Allahpundit has a long analysis, and I was struck by the question of relative depravity, raised in Samuel Alito's dissent:
With respect to the question of moral depravity, is it really true that every person who is convicted of capital murder and sentenced to death is more morally depraved than every child rapist? Consider the following two cases. In the first, a defendant robs a convenience store and watches as his accomplice shoots the store owner. The defendant acts recklessly, but was not the triggerman and did not intend the killing. In the second case, a previously convicted child rapist kidnaps, repeatedly rapes, and tortures multiple child victims. Is it clear that the first defendant is more morally depraved than the second?The Court's ruling stays with previous case history holding capital punishment as available only for the crime of murder. But this issue of ultimate moral depravity becomes even more clear when we look at the background Patrick Kennedy, the child rapist who was to be executed in Lousiana for one of the most heinous crimes imaginable. Here's some of the descriptive background on the crime from Anthony Kennedy’s majority opinion in Kennedy v. Louisiana:
The Court’s decision here stands in stark contrast to Atkins and Roper, in which the Court concluded that characteristics of the affected defendants—mental retardation in Atkins and youth in Roper—diminished their culpability. Nor is this case comparable to Enmund v. Florida, 458 U. S. 782 (1982), in which the Court held that the Eighth Amendment prohibits the death penalty where the defendant participated in a robbery during which a murder was committed but did not personally intend for lethal force to be used. I have no doubt that, under the prevailing standards of our society, robbery, the crime that the petitioner in Enmund intended to commit, does not evidence the same degree of moral depravity as the brutal rape of a young child. Indeed, I have little doubt that, in the eyes of ordinary Americans, the very worst child rapists—predators who seek out and inflict serious physical and emotional injury on defenseless young children—are the epitome of moral depravity.

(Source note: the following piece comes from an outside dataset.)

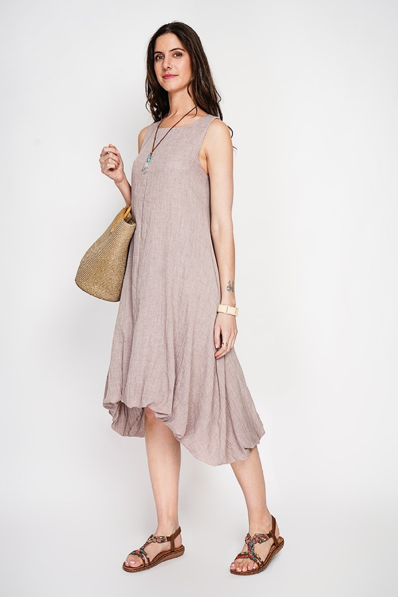 Vestido globo de lino - Beige

...Petitioner’s crime was one that cannot be recounted in these pages in a way sufficient to capture in full the hurt and horror inflicted on his victim or to convey the revulsion society, and the jury that represents it, sought to express by sentencing petitioner to death. At 9:18 a.m. on March 2, 1998, petitioner called 911 to report that his stepdaughter, referred to here as L. H., had been raped....There's a bit of moral depravity there, I'd say.
He told the 911 operator that L. H. had been in the garage while he readied his son for school. Upon hearing loud screaming, petitioner said, he ran outside and found L. H. in the side yard. Two neighborhood boys, petitioner told the operator, had dragged L. H. from the garage to the yard, pushed her down, and raped her. Petitioner claimed he saw one of the boys riding away on a blue 10-speed bicycle.
When police arrived at petitioner’s home between 9:20 and 9:30 a.m., they found L. H. on her bed, wearing a T-shirt and wrapped in a bloody blanket. She was bleeding profusely from the vaginal area. Petitioner told police he had carried her from the yard to the bathtub and then to the bed. Consistent with this explanation, police found a thin line of blood drops in the garage on the way to the house and then up the stairs. Once in the bedroom, petitioner had used a basin of water and a cloth to wipe blood from the victim. This later prevented medical personnel from collecting a reliable DNA sample.
L. H. was transported to the Children’s Hospital. An expert in pediatric forensic medicine testified that L. H.’s injuries were the most severe he had seen from a sexual assault in his four years of practice. A laceration to the left wall of the vagina had separated her cervix from the back of her vagina, causing her rectum to protrude into the vaginal structure. Her entire perineum was torn from the posterior fourchette to the anus. The injuries required emergency surgery.